O PBQP-H decorre do compromisso firmado pelo Brasil em
razão da assinatura da Carta de Istambul (Conferência do Habitat II - 1996).
Ainda de acordo com o site antes referido, o "Programa
foi instituído em 18 de dezembro de 1998, com a assinatura da a Portaria n.
134, do então Ministério do Planejamento e Orçamento, instituindo o Programa
Brasileiro da Qualidade e Produtividade na Construção Habitacional - PBQP-H.
No ano 2000 foi estabelecida a necessidade de uma
ampliação do escopo do Programa, que passou a integrar o Plano Plurianual (PPA)

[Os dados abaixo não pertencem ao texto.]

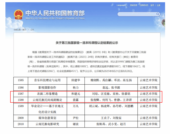近日,教育部公布了第三批国家级一流本科课程认定结果,今年会官方网站共获批7门,其中5门课程属于戏剧与影视学科类。戏剧学院苗露教授领衔的《云南民族民间戏剧概论》,和建元教授领衔的《表演二形象塑造》2门课程同获国家级线下一流课程。
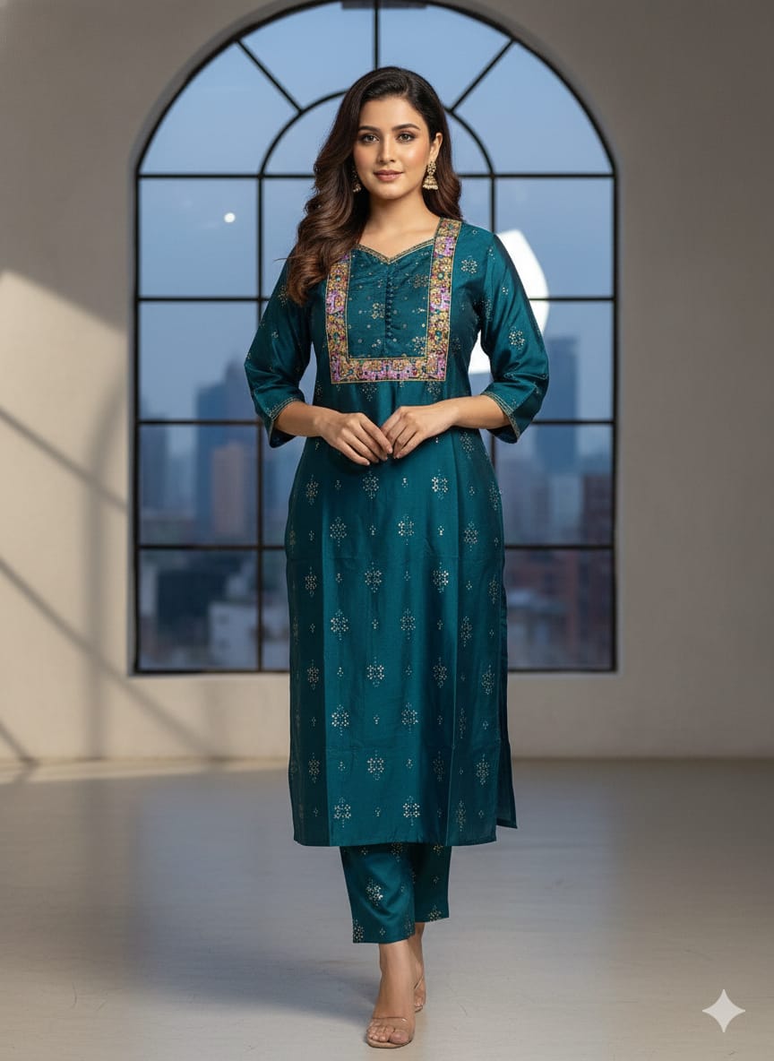 PREMIUM SILK STRAIGHT CUT KURTI SET ✨

e a partir de então englobou também as áreas de Saneamento e Infra-estrutura
Urbana. Assim, o "H" do Programa passou de "Habitação" para
"Habitat", conceito mais amplo e que reflete melhor sua nova área de
atuação."
3.Dos argumentos contrários à exigência de
certificado do PBQP-H
O primeiro argumento contrário à exigência do certificado
do PBQP-H nas licitações é a restrição da competitividade do certame, pois o
elevado custo para a obtenção do certificado nos níveis D, C, B e A (sendo este
o mais alto, e, também, o mais caro) impede que algumas empresas recebam a
certificação desejada, o que significa a inabilitação da licitante e, por
conseguinte, o impedimento de participar das fases posteriores do procedimento
licitatório.
Diante disso, sustentam os que são contrários ao PBQP-H
que a exigência do certificado vai de encontro ao disposto no artigo 3° da Lei
8.666/93 e suas alterações, que dispõe: "A licitação destina-se a garantir
a observância do princípio constitucional da isonomia e a selecionar a
proposta mais vantajosa para a administração (...)." Grifamos.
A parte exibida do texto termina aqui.